This page contains Generative AI glossary terms. For all glossary terms, click here.
A
automatic evaluation
Using software to judge the quality of a model's output.
When model output is relatively straightforward, a script or program can compare the model's output to a golden response. This type of automatic evaluation is sometimes called programmatic evaluation. Metrics such as ROUGE or BLEU are often useful for programmatic evaluation.
When model output is complex or has no one right answer, a separate ML program called an autorater sometimes performs the automatic evaluation.
Contrast with human evaluation.
autorater evaluation
A hybrid mechanism for judging the quality of a generative AI model's output that combines human evaluation with automatic evaluation. An autorater is an ML model trained on data created by human evaluation. Ideally, an autorater learns to mimic a human evaluator.Prebuilt autoraters are available, but the best autoraters are fine-tuned specifically to the task you are evaluating.
auto-regressive model
A model that infers a prediction based on its own previous predictions. For example, auto-regressive language models predict the next token based on the previously predicted tokens. All Transformer-based large language models are auto-regressive.
In contrast, GAN-based image models are usually not auto-regressive since they generate an image in a single forward-pass and not iteratively in steps.
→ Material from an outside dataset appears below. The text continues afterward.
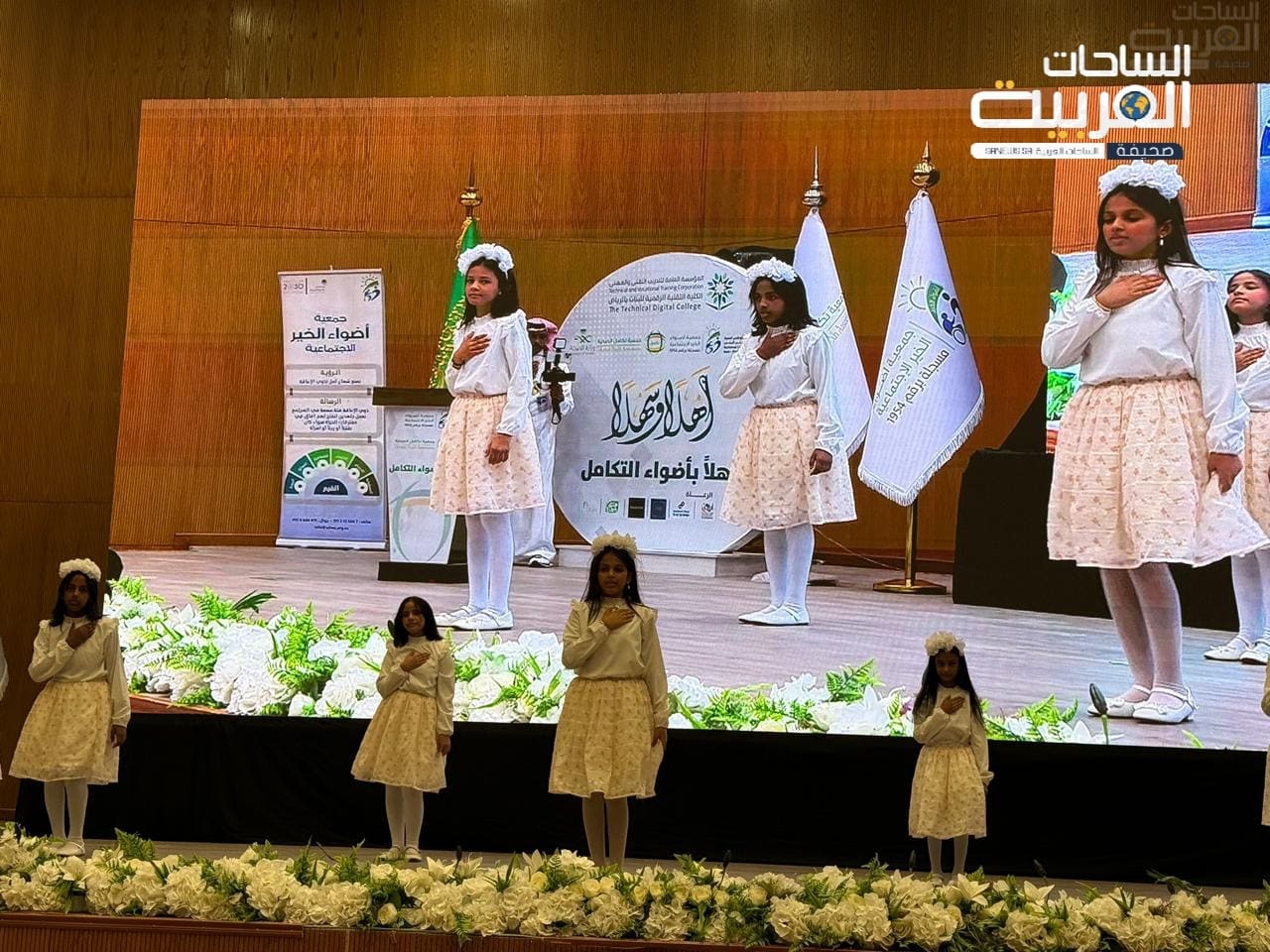 حفل تكريم المتطوعين والجهات المشاركة في خدمة ضيوف الرحمن لموسم حج 1446هـ، بتنظيم من جمعية أضواء الخير وجمعية تكامل الصحية، على خشبة مسرح الكلية التقنية الرقمية للبنات بالرياض.
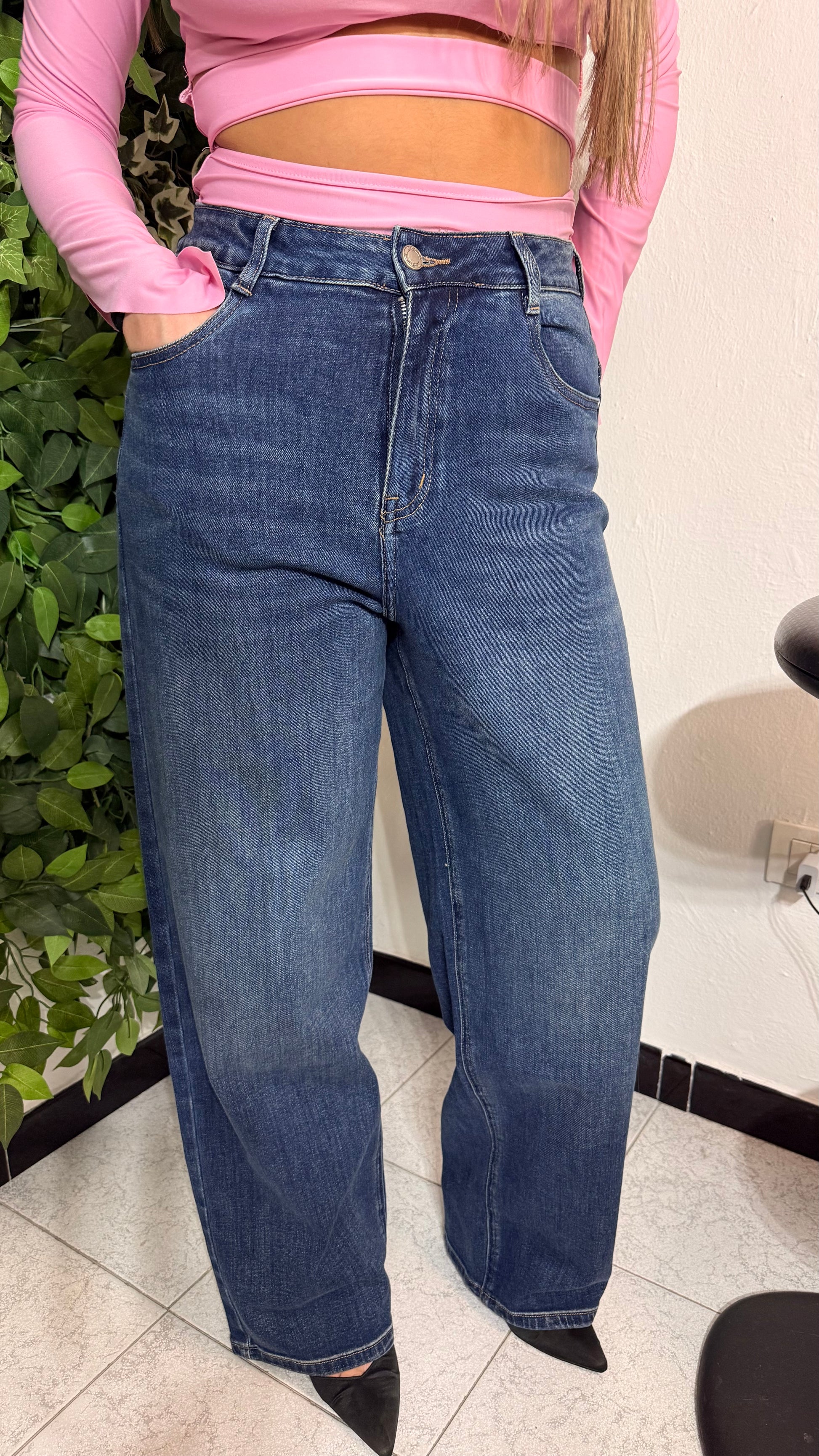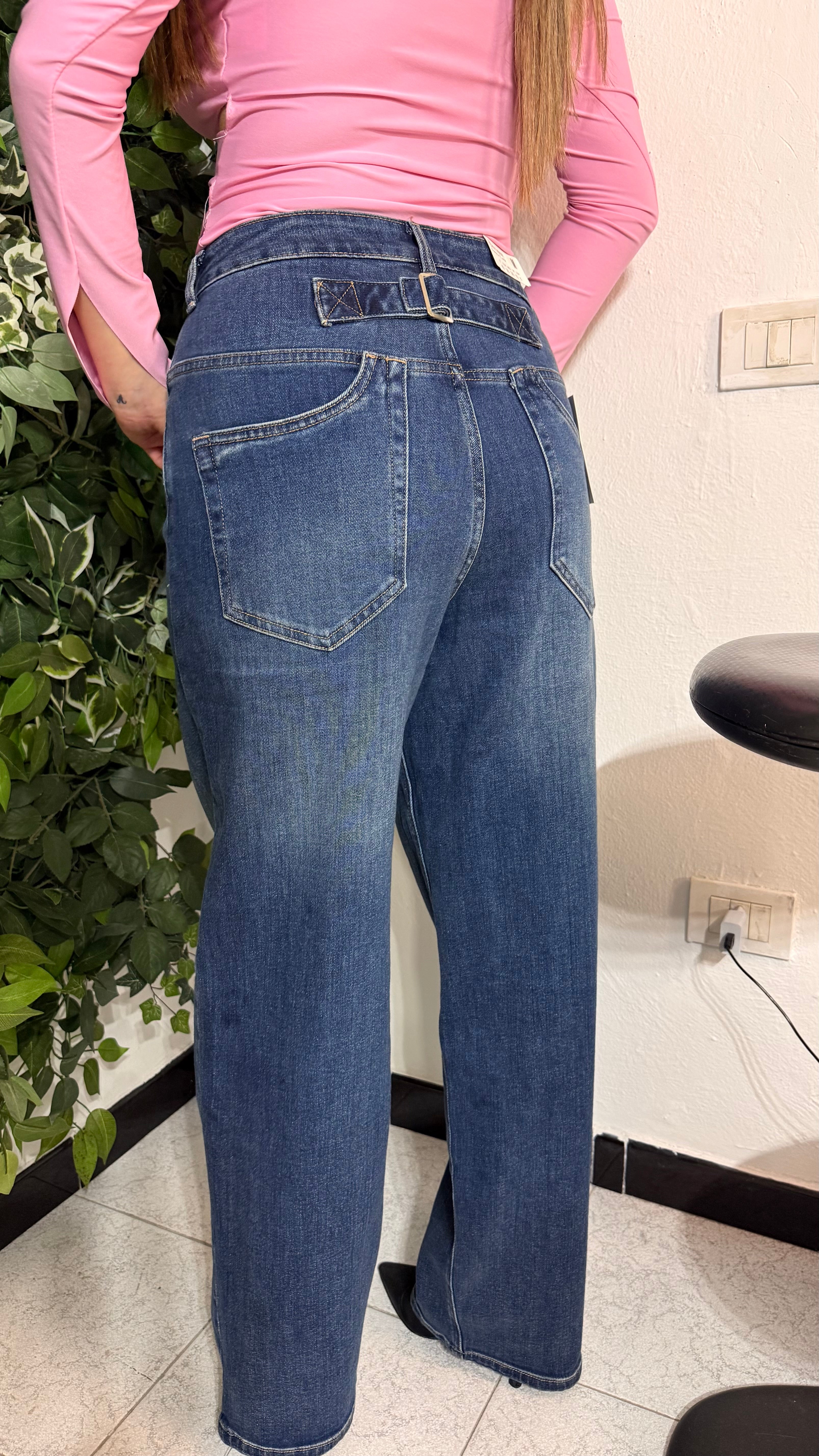 Jeans elasticizzato con cinturino sul retro.

However, certain image generation models are auto-regressive because they generate an image in steps.
C
chain-of-thought prompting
A prompt engineering technique that encourages a large language model (LLM) to explain its reasoning, step by step. For example, consider the following prompt, paying particular attention to the second sentence:
How many g forces would a driver experience in a car that goes from 0 to 60 miles per hour in 7 seconds? In the answer, show all relevant calculations.
The LLM's response would likely:
- Show a sequence of physics formulas, plugging in the values 0, 60, and 7 in appropriate places.
- Explain why it chose those formulas and what the various variables mean.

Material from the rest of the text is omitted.